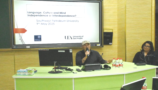 5月9日下午,外国语学院在思学楼B107举办了一场题为“语言、文化与思维——相互独立还是相互依存?”的学术讲座。本次讲座特邀东英吉利大学政治、哲学、语言与传播研究学院名誉教授Chris Sinha和Vera da Silva Sinha博士担任主讲嘉宾,吸引了众多教师和研究生参与。讲座由李虎副院长主持。
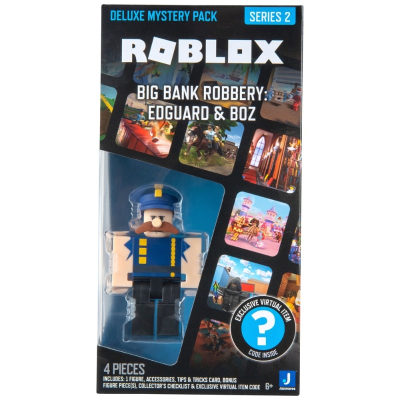 Mysteeri pakkauksessa on viisi osaa: Roblox-hahmo, lisätarvikkeita, tippiraha, temppukortti, ylimääräisiä hahmon osia, tehtävälista ja sekä koodi, jolla saat virtuaaliesineen Roblox-pelissä. Hahmolla on liikkuvia raajoja.
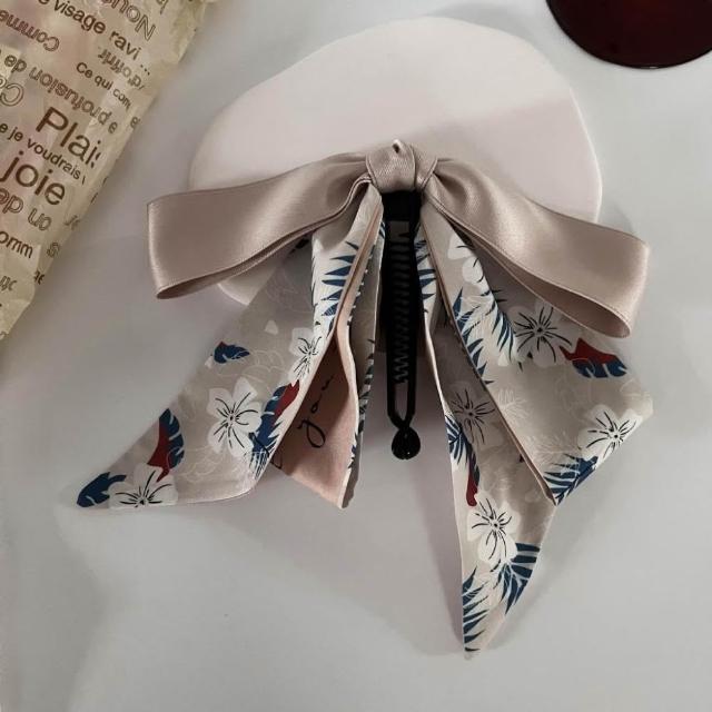 小香風絲巾蝴蝶結香蕉夾 蝴蝶結髮夾 小香風髮夾 絲巾髮夾 香蕉夾 抓夾 髮夾 日韓髮飾
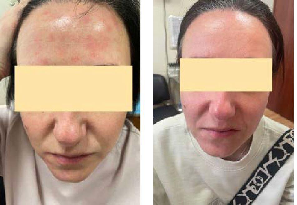 Рис. 2. Локализация: кожа лица, до и через 14 дней после проведенной терапии
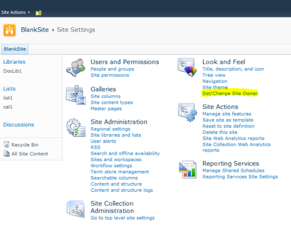 Set/Change Site Owner screen
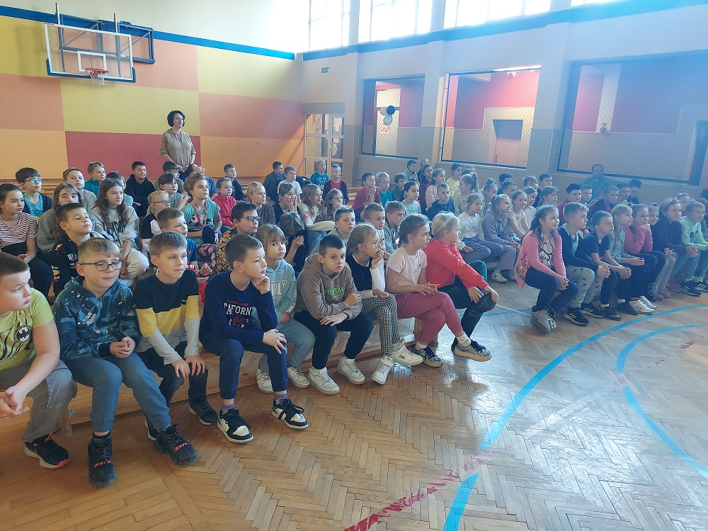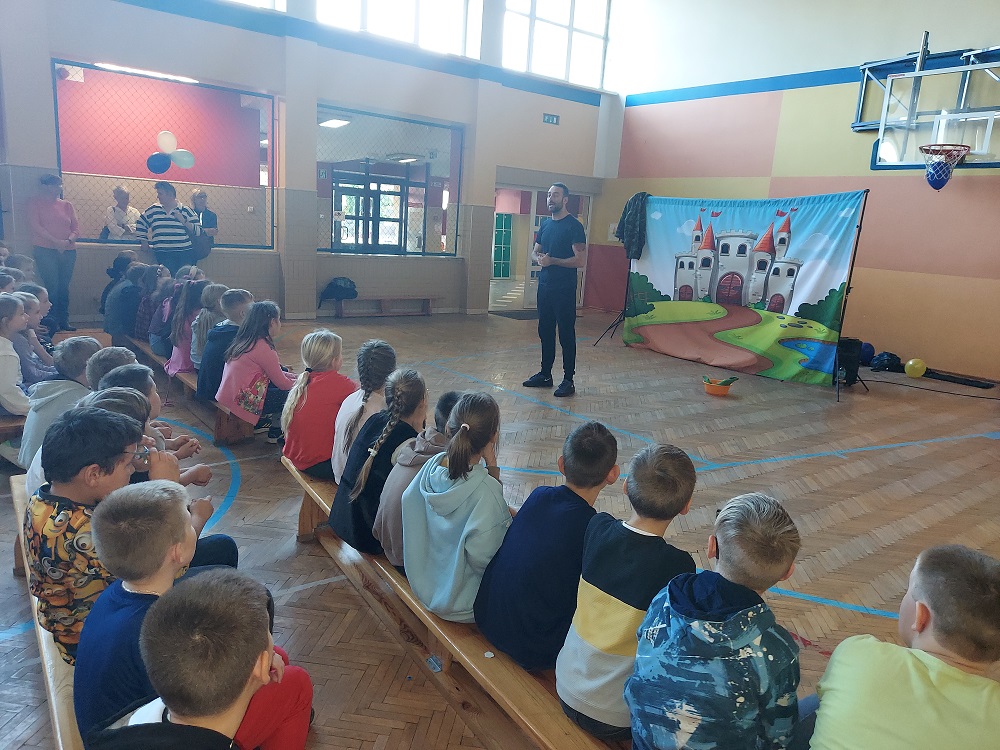 Natomiast uczniowie klas VI i VII obejrzeli przedstawienie pt. „Wielka ucieczka”. Celem spektaklu było uświadomienie młodym osobom, jakie konsekwencje niesie za sobą sięganie po używki i niezdrowe napoje. Aktorzy wskazali, w jaki sposób odmawiać

+ + + + + + +

[WHAT TO PRODUCE] Without any pictures, please write out the lines from the one containing "Set/Change Site Owner screen" through the final line of the data, exactly and inclusive of both ends.

[RESPONSE TO THE TASK]
 Set/Change Site Owner screen
 Natomiast uczniowie klas VI i VII obejrzeli przedstawienie pt. „Wielka ucieczka”. Celem spektaklu było uświadomienie młodym osobom, jakie konsekwencje niesie za sobą sięganie po używki i niezdrowe napoje. Aktorzy wskazali, w jaki sposób odmawiać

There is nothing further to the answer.